OpenAI Launches GPTBot Web Crawler to access Internet

Learn How to allow or disallow GPTBot to access your website

Aug 09, 2023

OpenAI Launches GPTBot Web Crawler to access Internet

OpenAI has launched a new web crawler tool dubbed "GPTBot" that it says could potentially improve upcoming ChatGPT AI models.

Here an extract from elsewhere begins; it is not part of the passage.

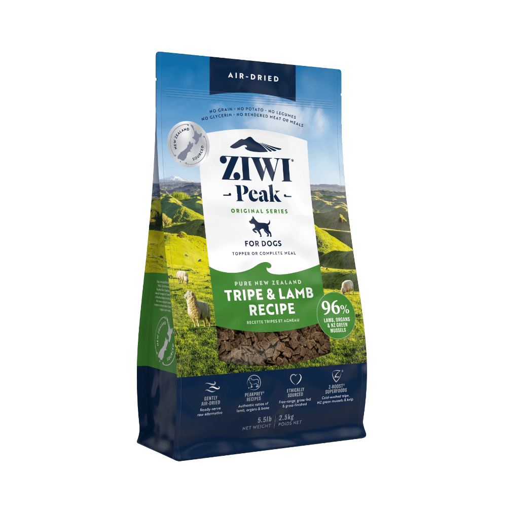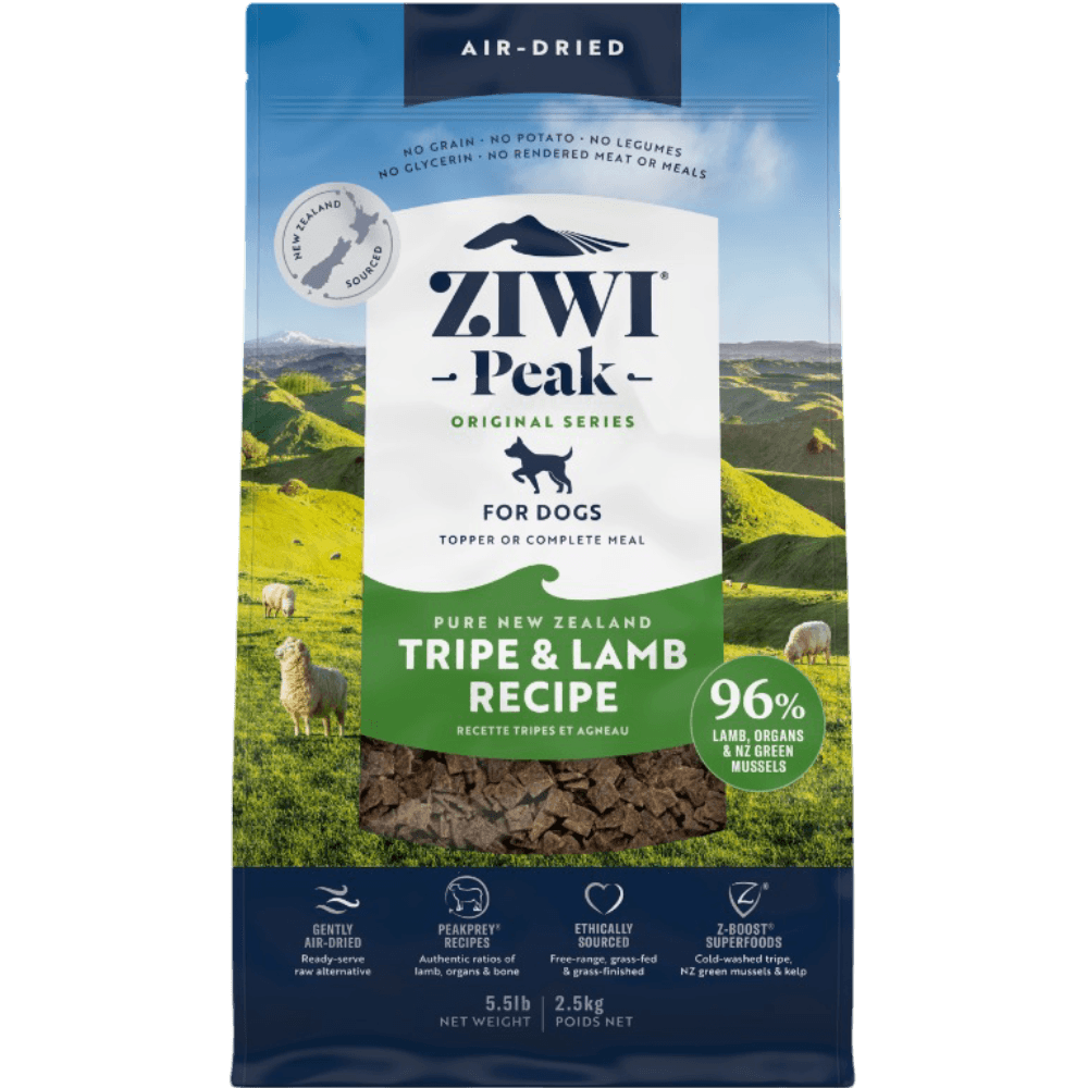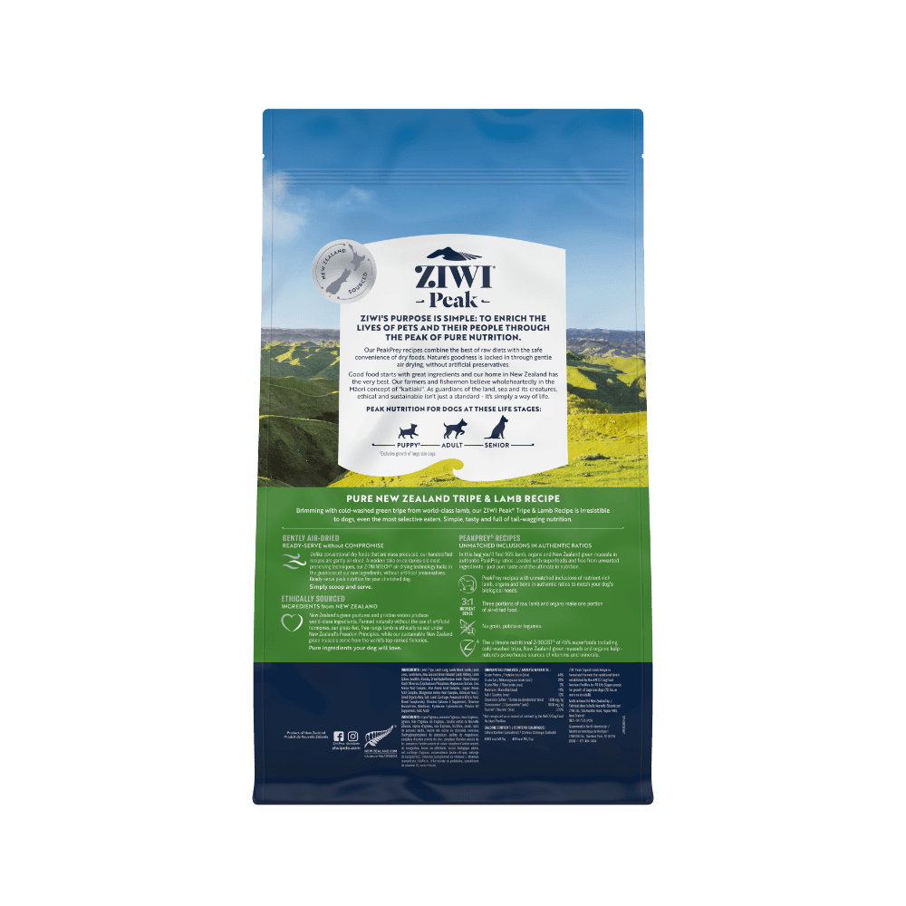 ZIWI Peak Air Dried Tripe and Lamb Dry Dog Food offers a premium blend of high-quality tripe and free-range lamb, providing your dog with a nutrient-packed and delicious meal. This air-dried recipe is rich in protein and supports overall health, with a focus on quality and digestibility for dogs of all sizes.

In a web post, OpenAI explained that net pages crawled with GPTBot "could potentially be utilized to improve future models" by making them extra correct and expand capabilities.

A webcrawler indexes websites across the internet, much like how Google's search engine works. OpenAI says GPTBot will filter out paywalled content material, personal information, and coverage-violating text when crawling the net. Web site homeowners can even block GPTBot the usage of same old server settings.

GPTBot can be identified by the following user agent and string.

User agent token: GPTBot
Full user-agent string: Mozilla/5.0 AppleWebKit/537.36 (KHTML, like Gecko; compatible; GPTBot/1.0; +https://openai.com/gptbot)

How to disallow GPTBot to access your website/webpages ?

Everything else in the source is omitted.